Stella hugs her gently and says, ‘Happy birthday, Libby. I love you.’

These two children, her brother and sister, have been the greatest gifts of all.

They are wonderful children and Libby puts that down entirely to the woman who raised them. She and Lucy have become very close, very quickly. The small age gap means that often Lucy feels a like great new friend, rather than the woman who gave birth to her.

Lucy gets to her feet. She circles Libby’s neck with her arms and kisses her loudly in the vicinity of her ear. ‘Happy birthday,’ she says. ‘Proper happy birthday. This time twenty-six years ago. God. I thought I was going to split in half.’

‘Yes,’ agrees Henry. ‘She was mooing like a cow. For hours. We had our hands over our ears.’ Then he gives her one of his cautious embraces.

Libby still can’t work Henry out. Sometimes she thinks about Clemency saying that she thought he had a streak of pure evil, and a shiver runs across her flesh. She thinks of what he did, the execution of four people, the mummification of a young woman’s body, the mutilation of a cat.

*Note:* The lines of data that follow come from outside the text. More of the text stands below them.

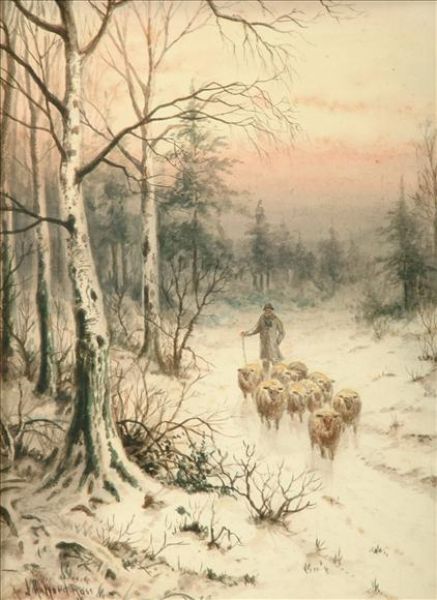 | Sheep and Shepherd in a snowy lane Horses and figure on a snowy road Coach and horses outside a tavern in the snow | |
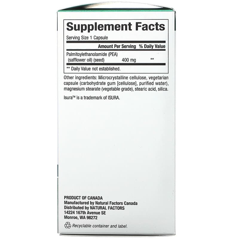 Natural Factors PEA400 90 viên nang chay hỗ trợ giảm đau kháng viêm từ chiết xuất tự nhiên cải thiện sức khỏe không chứa chất phụ gia 068958027005
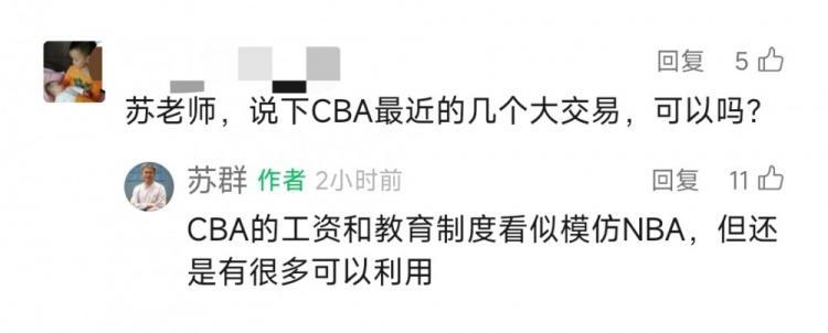 直播吧9月4日讯 近日,评论员苏群在评论区和网友互动。谈到CBA近期的大交易,他说:“CBA的工资和交易制度看似模仿NBA,但还是有很多可以利用。”...
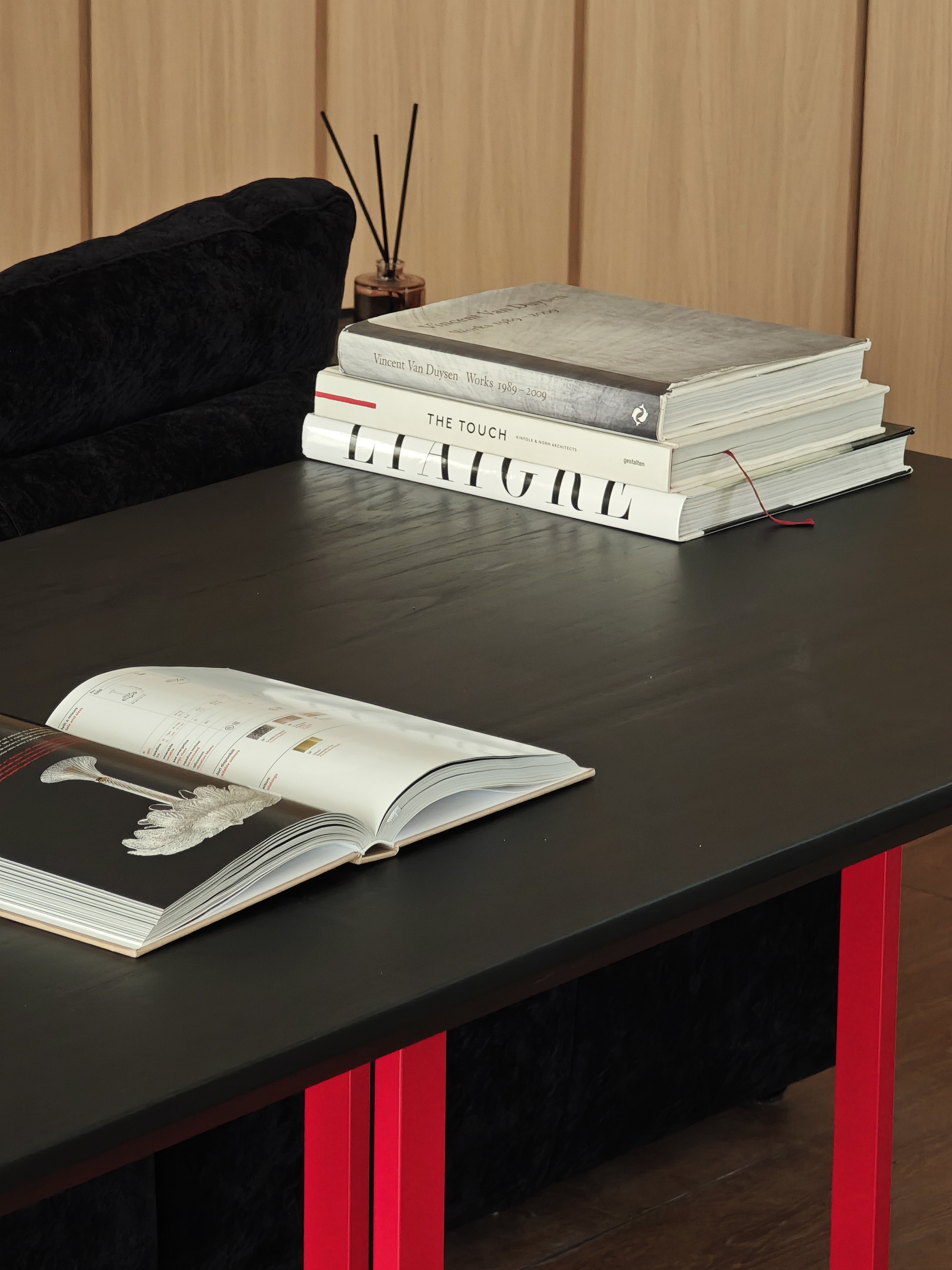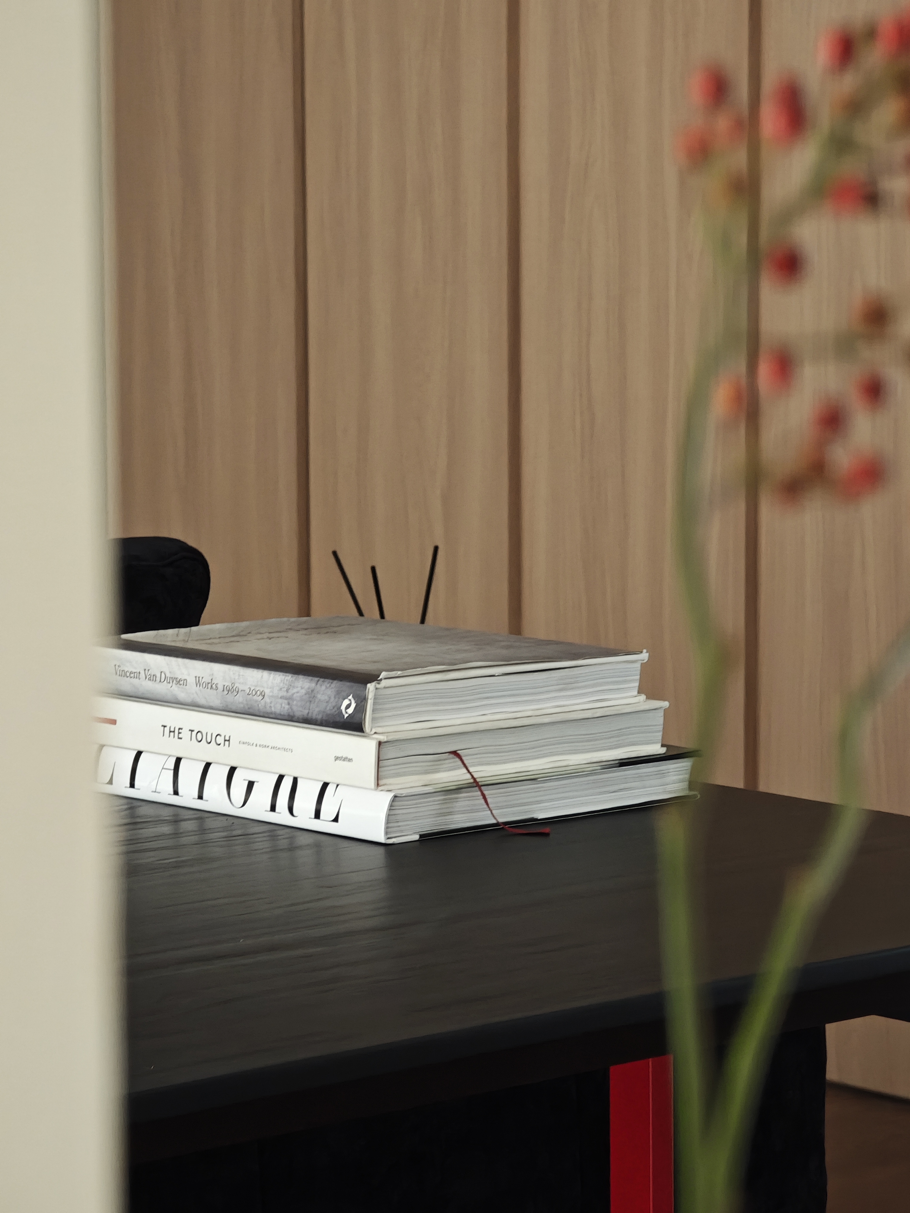 黑色的家具不仅显得沉稳大气,还与周围的环境形成了鲜明的对比,突出了空间的焦点。 书籍旁边,有几根黑色的装饰棒插在一个白色的容器中,这种简约的装饰元素增加了空间的现代感。
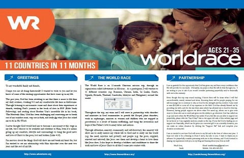 The World Race is an 11-month Christian mission trip, through an organisation called Adventures in Missions. As a participant, I will venture to 11 different countries (e.g. Romania, Ukraine, India, Sri Lanka, Kenya, Uganda, Rwanda, Thailand, Cambodia, Malaysia and Philippines) around the world.
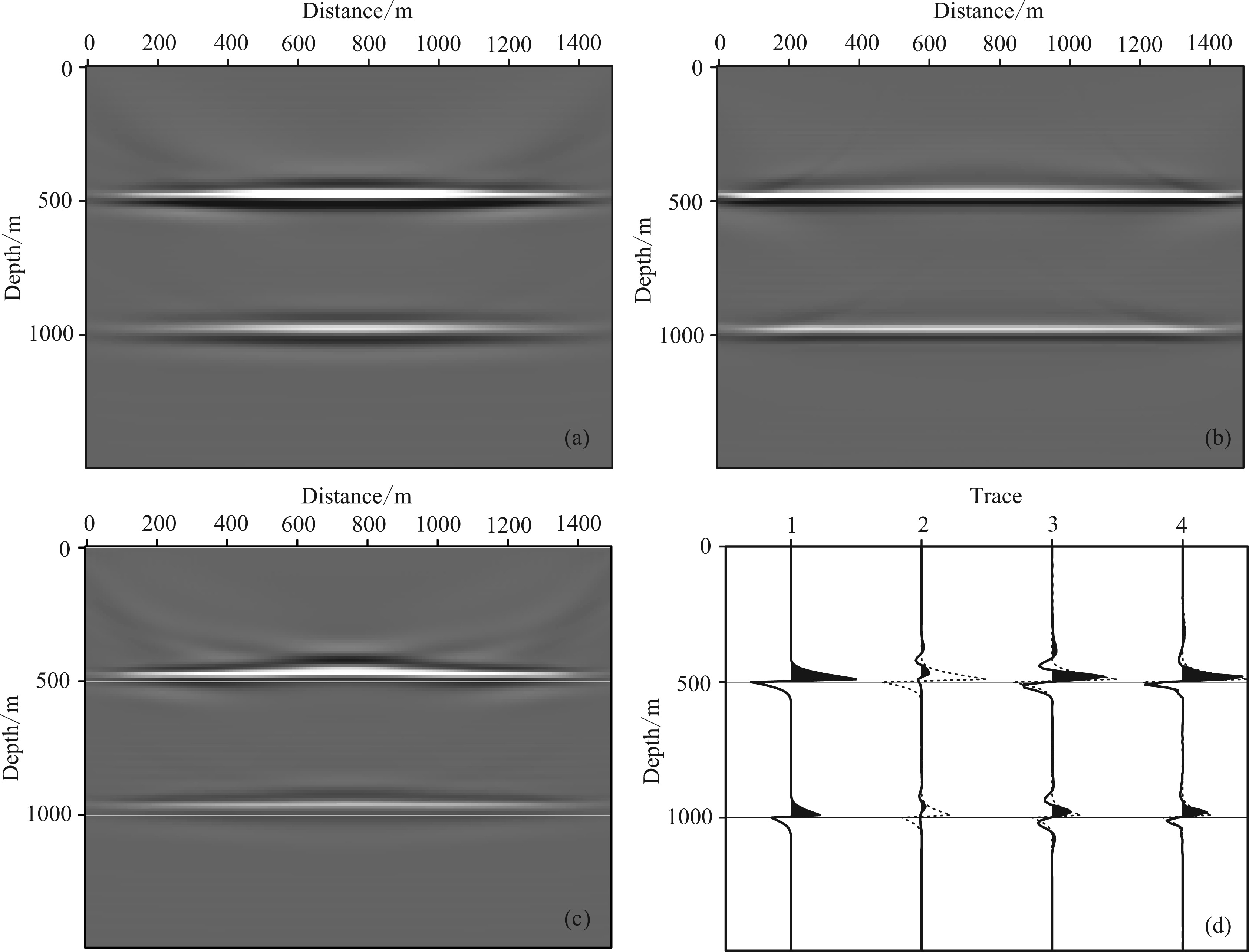The acoustic LSRTM imaging result is shown in Fig. 3c. This numerical test uses the same data but ignores the influence of the quality factor. Combined with Fig. 3d, we can find that the reflectors are mislocated because of velocity dispersion, and the imaging amplitude is too weak because of attenuation. In addition, some other imaging noises are imported in the acoustic LSRTM imaging result.
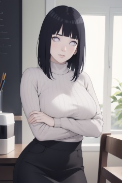 hinata\(boruto\),1girl,breast hold,denim,large breasts,long hair,looking at viewer,nose,pencil skirt,photo \(medium\),realistic,ribbed sweater,skirt,solo,sweater,<lora:lbc_Hyūga Hinata_Naruto24324_v1.0:1>,
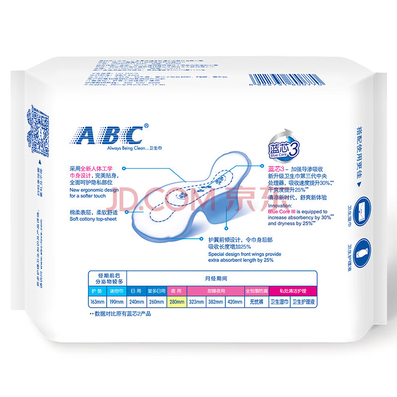 商品相册:ABCKMS纤薄健康配方超薄透气夜用卫生巾京东自营280mm*8片第
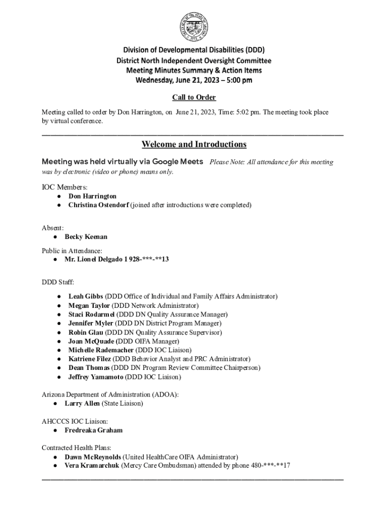 Meeting called to order by Don Harrington, on June 21, 2023, Time: 5:02 pm. The meeting took place

But killing had never been his intention and Libby still believes that if the four children had turned themselves in to the local police that night and explained what had happened, how they’d been so mistreated, imprisoned, that it had been a terrible accident, that they would have been believed and rehabilitated. But that’s not how it had been and they had all made fugitives of themselves and taken their lives off on unimaginable tangents.

Henry is odd, but then he is very open about the fact that he is odd. He still maintains that he did not intentionally lock them into the spare bedroom of his Airbnb rental that night, that he did not take their phones and delete Miller’s recording. He said, ‘Well, if I did I must have been even drunker than I thought.’ And Libby never did find a tracking or listening device on her phone. But then she never changed the passcode on her phone either.

He also denies that he has had cosmetic procedures to make him look like Phin. He says, ‘Why would I want to look like Phin? I’m so much better looking than he ever was.’ He is impatient with the children and slightly flustered by the sudden influx of people into his tightly controlled little world, often grumpy but occasionally hilarious. He has a vague grasp of the truth and seems to live very slightly on the edges of reality. And how can Libby blame him? After everything he’s been through? She would probably live on the edges of reality too if her childhood had been as traumatic as his.